### Work request
Starting from the line with "Дезинфицирующие таблетки АЛМАДЕЗ", please copy exactly every line to the end of the listing, but not the pictures.

### Source material
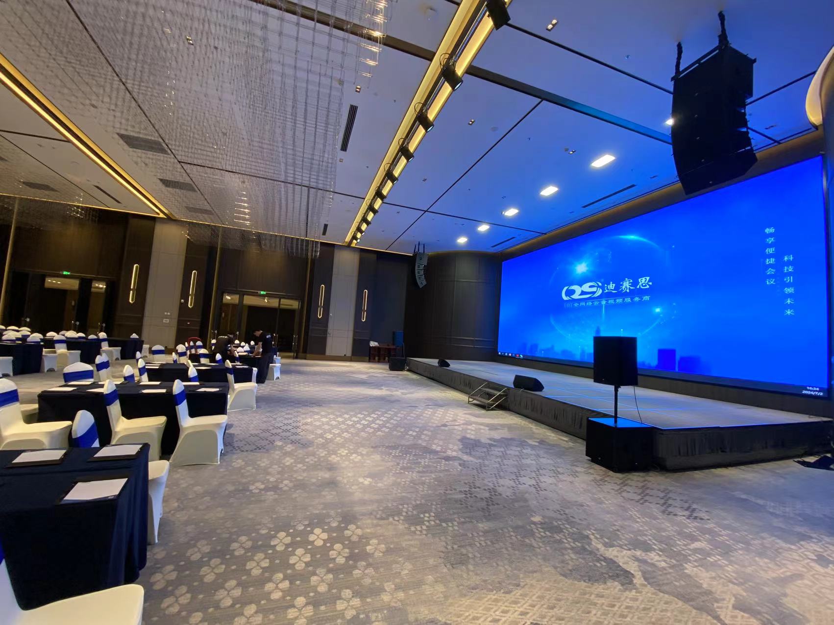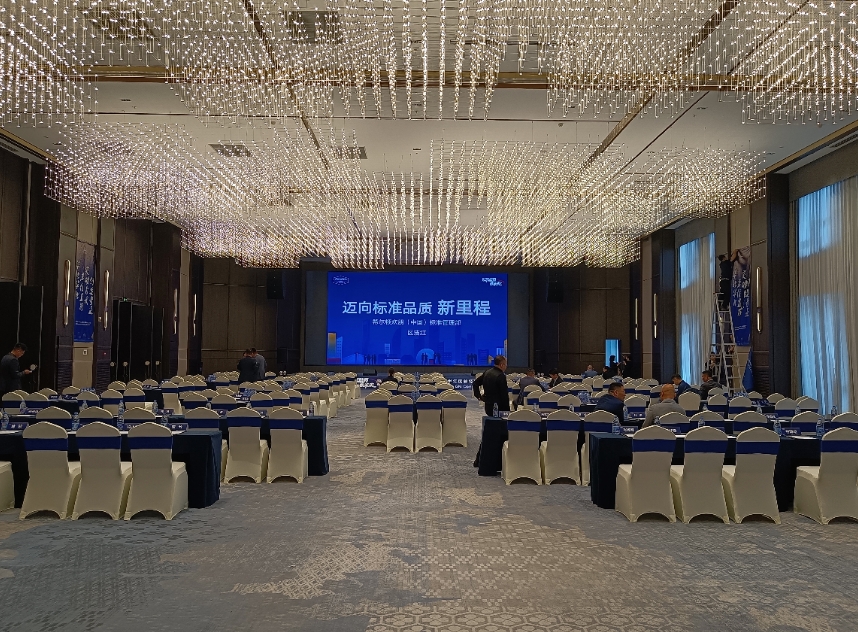 通過前期需求溝通,宴會廳配置會議燈具,娛樂使用時采用租賃設(shè)備,預(yù)留電源與控制接口,配置面光燈和會議平板燈,滿足會議場景使用。
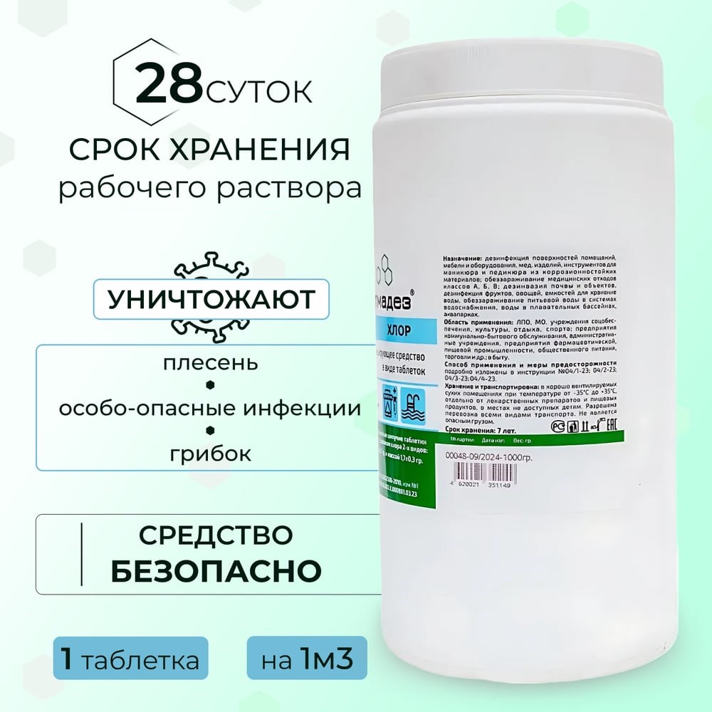Дезинфицирующие таблетки АЛМАДЕЗ Хлор 3,4 г, банка 1 кг АЛ-ХТ409 - высокоэффективное дезинфицирующее средство на основе натриевой соли дихлоризоциануровой кислоты. Алмадез хлор можно использовать для обеззараживания питьевой воды в системах хозяйственно-питьевого централизованного водоснабжения, индивидуальных и групповых запасов воды при децентрализованном водоснабжении, воды в плавательных бассейнах, аквапарках. АЛМАДЕЗ ХЛОР ЯВЛЯЕТСЯ ЕДИНСТВЕННЫМ СРЕДСТВОМ ДЛЯ ОБЕЗЗАРАЖИВАНИЯ ВОДЫ, ПРОВЕРЕННЫМ НА ОСОБО-ОПАСНЫЕ ИНФЕКЦИИ, ВКЛЮЧАЯ ХОЛЕРУ, ЧУМУ, ТУЛЯРЕМИЮ САП, МЕЛИОИДОЗ! ВЫСОКАЯ ЭФФЕКТИВНОСТЬ И ЭКОНОМИЧНОСТЬ! 1 таблетка 3,4 гр обеззараживает по всем бактериям, включая ООИ ( холеру и др.), вирусам, грибам: 750 литров воды системах хозяйственно-питьевого централизованного водоснабжения, водопроводной, родниковой, колодезной чистой, артезианской 375 литров воды колодезной из незащищённых колодцев, речной, озёрной (малозагрязнённой) 250 литров воды речной, прудовой, содержащей органические загрязнения
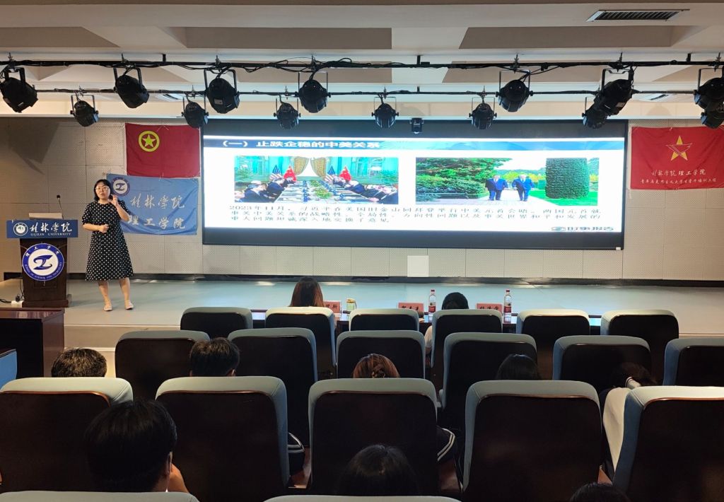 贺春先老师以“当代国际形势与中国外交”为主题,分析了当前的国际热点问题并解读我国目前的外交政策。她具体解读了止跌止稳的中美关系、反复上演的巴以冲突、久拖未决的乌克兰危机等问题。随后,贺春先老师从国际问题谈到中国坚持独立自主的和平外交政策,讲述了中国在维护国家主权、世界和平,推动构建人类命运共同体等方面做出的贡献。通过本次理论授课,青马班成员汲取了“弱国无外交”的宝贵经验,认识到只有增强忧患意识,树立全球观念,学会用世界的眼光看问题,关心世界和平与发展,才能为全球治理体系改革和完善提供中国方案,为中华民族伟大复兴做出更大贡献!

### Solution to this task
Дезинфицирующие таблетки АЛМАДЕЗ Хлор 3,4 г, банка 1 кг АЛ-ХТ409 - высокоэффективное дезинфицирующее средство на основе натриевой соли дихлоризоциануровой кислоты. Алмадез хлор можно использовать для обеззараживания питьевой воды в системах хозяйственно-питьевого централизованного водоснабжения, индивидуальных и групповых запасов воды при децентрализованном водоснабжении, воды в плавательных бассейнах, аквапарках. АЛМАДЕЗ ХЛОР ЯВЛЯЕТСЯ ЕДИНСТВЕННЫМ СРЕДСТВОМ ДЛЯ ОБЕЗЗАРАЖИВАНИЯ ВОДЫ, ПРОВЕРЕННЫМ НА ОСОБО-ОПАСНЫЕ ИНФЕКЦИИ, ВКЛЮЧАЯ ХОЛЕРУ, ЧУМУ, ТУЛЯРЕМИЮ САП, МЕЛИОИДОЗ! ВЫСОКАЯ ЭФФЕКТИВНОСТЬ И ЭКОНОМИЧНОСТЬ! 1 таблетка 3,4 гр обеззараживает по всем бактериям, включая ООИ ( холеру и др.), вирусам, грибам: 750 литров воды системах хозяйственно-питьевого централизованного водоснабжения, водопроводной, родниковой, колодезной чистой, артезианской 375 литров воды колодезной из незащищённых колодцев, речной, озёрной (малозагрязнённой) 250 литров воды речной, прудовой, содержащей органические загрязнения
 贺春先老师以“当代国际形势与中国外交”为主题,分析了当前的国际热点问题并解读我国目前的外交政策。她具体解读了止跌止稳的中美关系、反复上演的巴以冲突、久拖未决的乌克兰危机等问题。随后,贺春先老师从国际问题谈到中国坚持独立自主的和平外交政策,讲述了中国在维护国家主权、世界和平,推动构建人类命运共同体等方面做出的贡献。通过本次理论授课,青马班成员汲取了“弱国无外交”的宝贵经验,认识到只有增强忧患意识,树立全球观念,学会用世界的眼光看问题,关心世界和平与发展,才能为全球治理体系改革和完善提供中国方案,为中华民族伟大复兴做出更大贡献!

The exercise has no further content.